The audience tier classification reflects subscriber volume relative to peers. Profesor Alexander Irizarri (72,500 subs) and Professor Thomas Jorgensen (81,000 subs) operate at nearly identical scale, suggesting this is a natural size ceiling for highly specialized educational channels in technical domains. Unlike broad-appeal education channels that accumulate hundreds of thousands of subscribers, niche professional training channels plateau earlier because their addressable market—working professionals in specific job functions—is finite. This concentration, however, increases audience intent and advertiser relevance. A viewer watching a detailed CDISC SDTM tutorial is actively upskilling in a domain directly tied to their employment, making them a higher-value prospect for B2B and professional-services advertisers than a casual learner on a generalist platform.

Great Online Training's growth and performance

Growth data is limited to a single snapshot. Great Online Training was first tracked on 2026-05-12 at 71,600 subscribers, with the latest measurement on the same date also showing 71,600 subscribers. The span of one day and zero net change in subscriber count does not provide sufficient history to assess growth trajectory, seasonality, or momentum. Average views over the last 30 days are not yet available in our dataset. To establish meaningful growth patterns, we would need tracking data spanning weeks or months, allowing comparison of subscriber acquisition rates, video publication frequency, and audience engagement trends. Interested parties should monitor the channel's performance over time to identify acceleration or deceleration in audience building.
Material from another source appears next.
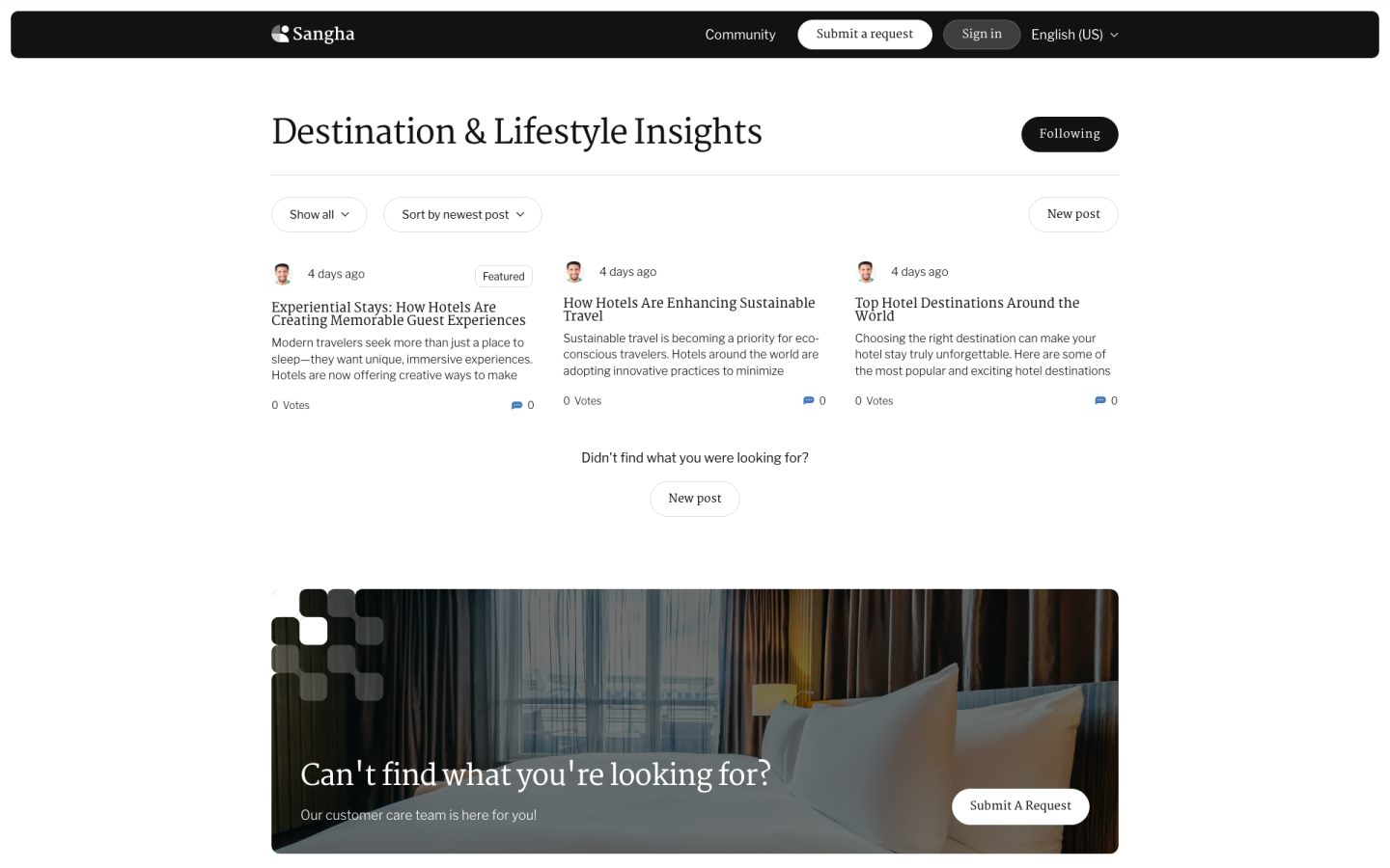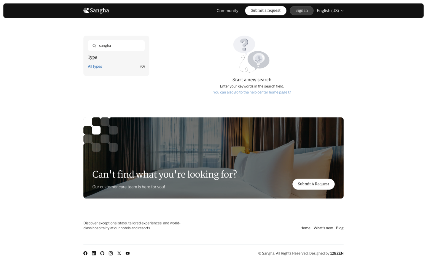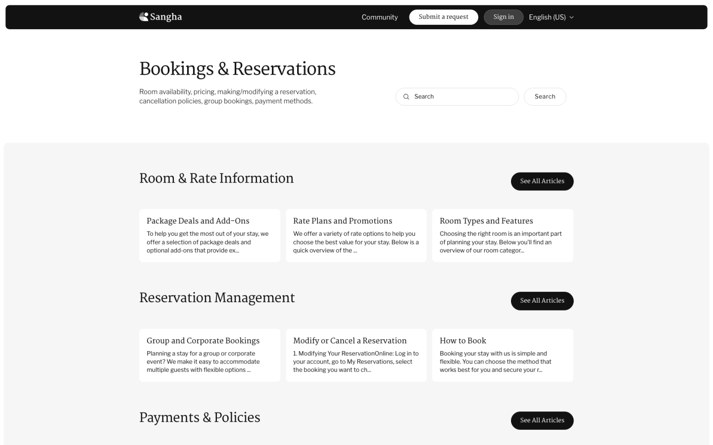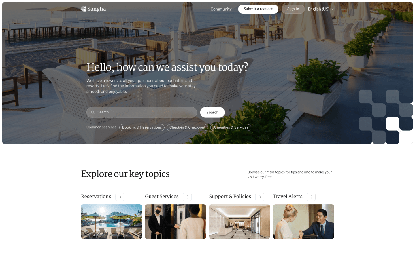 Sangha 128 is a sleek, modern Zendesk theme crafted for Travel & Hospitality brands, ideal for hotels and resorts. Its highly customizable homepage is fully modular—sections can be shown or hidden with simple toggles, allowing you to tailor the layout to your needs. Built on the latest Templating API v4, it offers greater flexibility, faster performance, and advanced design control. With AI Quick Answers, Sangha 128 helps users find instant solutions, improving overall support efficiency. Versatile and easy to adapt, this theme works just as well for any other industry or service portal. No coding required—just a seamless, powerful support experience tailored to your brand.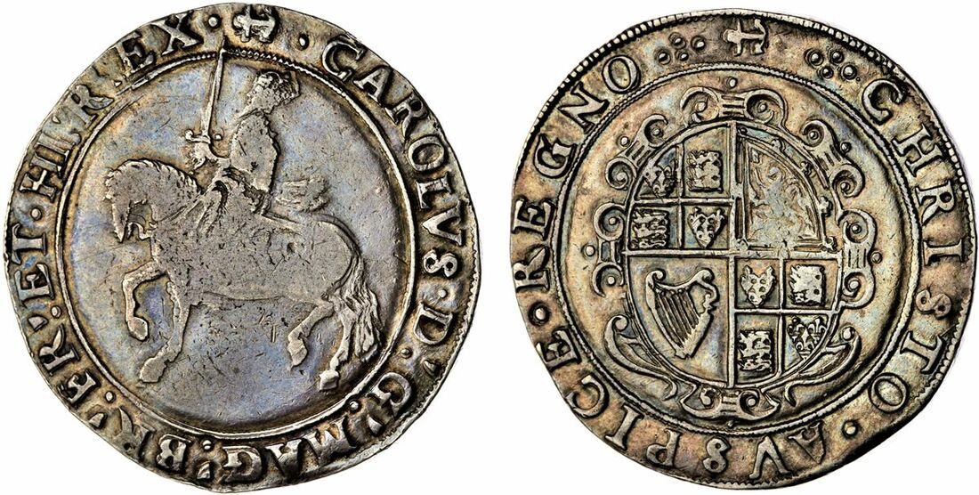 The 'Haddenham' Collection of English Coins | Charles I (1625-1649), Group III, Type 3a, Crown, 5 May 1638 - 3 July 1639, Tower (under King), (m.m.) • CAROLVS • D.' G.' MAG.' BR.' FR.' ET • HI.' REX ••:•• third horseman King trotting left, sword upright, no ground line, rev. (m.m.) •:• CHRISTO • AVSPICE • REGNO •:• N inverted in REGNO, oval shield with five even 'barrel' garniture, 29.99g [462.8grns], 2h, m.m. anchor [to right, straight flukes over tun / rounded flukes] (Hawkins 3a; Francis 3a [no. 34]; FRC XVII*/XXIV [sale lot 80 this coin]; Brooker 262 same dies; Thorpe [1921], 91 same dies; Parsons [1929], 517 same dies; Paget 78 same dies; Raynes = Nightingale 52 same dies; Lockett 3389 same dies; North 2195; Spink 2758), slightly doubled by REX and rubbed on softly-struck portrait, otherwise richly toned, good fine / very fine, scarce

How our pricing estimate works for Great Online Training

The estimated sponsorship rate is calculated algorithmically using subscriber count, niche-specific CPM (cost per thousand impressions), and platform/format multipliers. The formula accounts for YouTube's revenue-sharing structure and adjusts for the education category's typical advertiser demand and audience demographics. The estimate is calibrated against zero community data points—meaning no direct sponsor reports or historical rate data from this specific creator are yet in our database. As more creators in this niche report actual rates, the algorithmic estimate will refine. For a detailed explanation of the pricing model, including how CPM multipliers are derived and how different content formats affect rates, see our /methodology page.